Supplied records —

################

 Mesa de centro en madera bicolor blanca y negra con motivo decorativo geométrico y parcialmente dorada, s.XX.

################

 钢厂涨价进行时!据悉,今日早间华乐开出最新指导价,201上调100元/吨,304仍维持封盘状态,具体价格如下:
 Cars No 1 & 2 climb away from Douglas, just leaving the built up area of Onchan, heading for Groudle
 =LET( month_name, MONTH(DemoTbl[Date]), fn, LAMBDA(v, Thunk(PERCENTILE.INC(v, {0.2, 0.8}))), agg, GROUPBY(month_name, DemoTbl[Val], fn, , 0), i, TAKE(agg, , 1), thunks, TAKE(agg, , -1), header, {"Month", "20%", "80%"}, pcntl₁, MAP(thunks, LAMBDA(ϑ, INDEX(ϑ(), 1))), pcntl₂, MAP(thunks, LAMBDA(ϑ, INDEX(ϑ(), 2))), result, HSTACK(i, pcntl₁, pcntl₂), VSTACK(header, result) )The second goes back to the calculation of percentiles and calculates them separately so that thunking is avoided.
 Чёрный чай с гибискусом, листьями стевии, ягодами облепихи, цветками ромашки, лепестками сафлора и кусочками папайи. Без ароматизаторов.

################

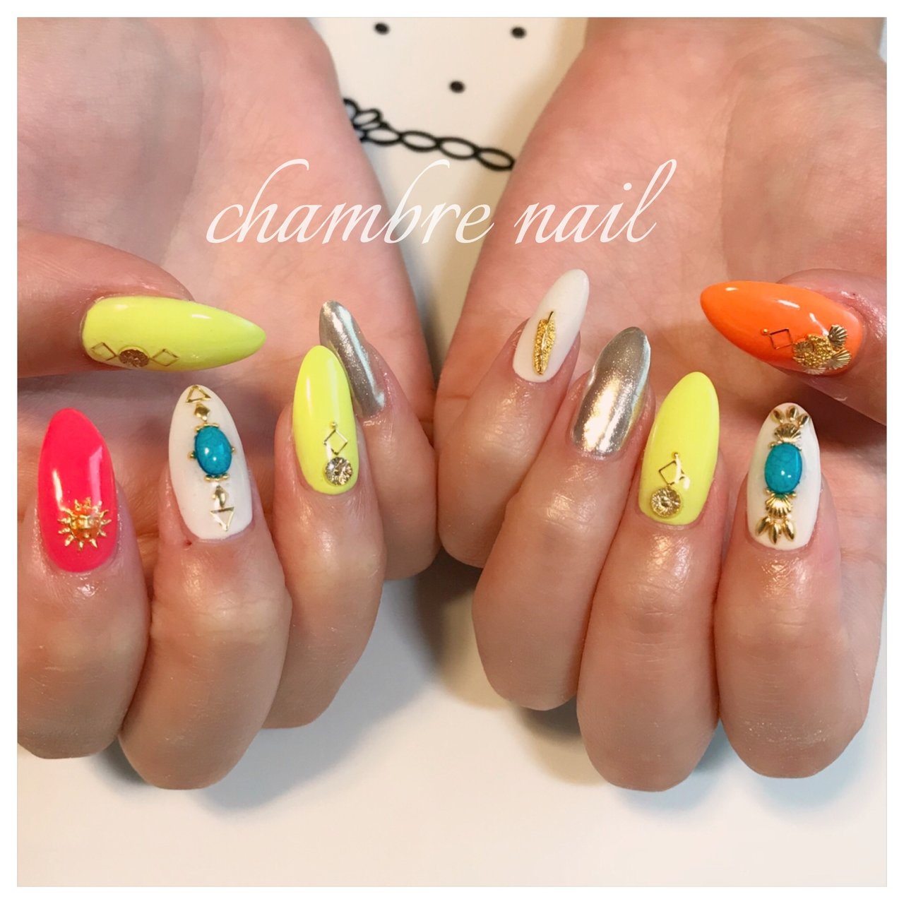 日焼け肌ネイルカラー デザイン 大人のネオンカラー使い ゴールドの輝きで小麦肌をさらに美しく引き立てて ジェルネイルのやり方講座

################

Exercise description — Your answer must be the lines above from the one containing "thunking is avoided." to the one containing "Чёрный чай с", both included, restated word for word.

Answer —
 =LET( month_name, MONTH(DemoTbl[Date]), fn, LAMBDA(v, Thunk(PERCENTILE.INC(v, {0.2, 0.8}))), agg, GROUPBY(month_name, DemoTbl[Val], fn, , 0), i, TAKE(agg, , 1), thunks, TAKE(agg, , -1), header, {"Month", "20%", "80%"}, pcntl₁, MAP(thunks, LAMBDA(ϑ, INDEX(ϑ(), 1))), pcntl₂, MAP(thunks, LAMBDA(ϑ, INDEX(ϑ(), 2))), result, HSTACK(i, pcntl₁, pcntl₂), VSTACK(header, result) )The second goes back to the calculation of percentiles and calculates them separately so that thunking is avoided.
 Чёрный чай с гибискусом, листьями стевии, ягодами облепихи, цветками ромашки, лепестками сафлора и кусочками папайи. Без ароматизаторов.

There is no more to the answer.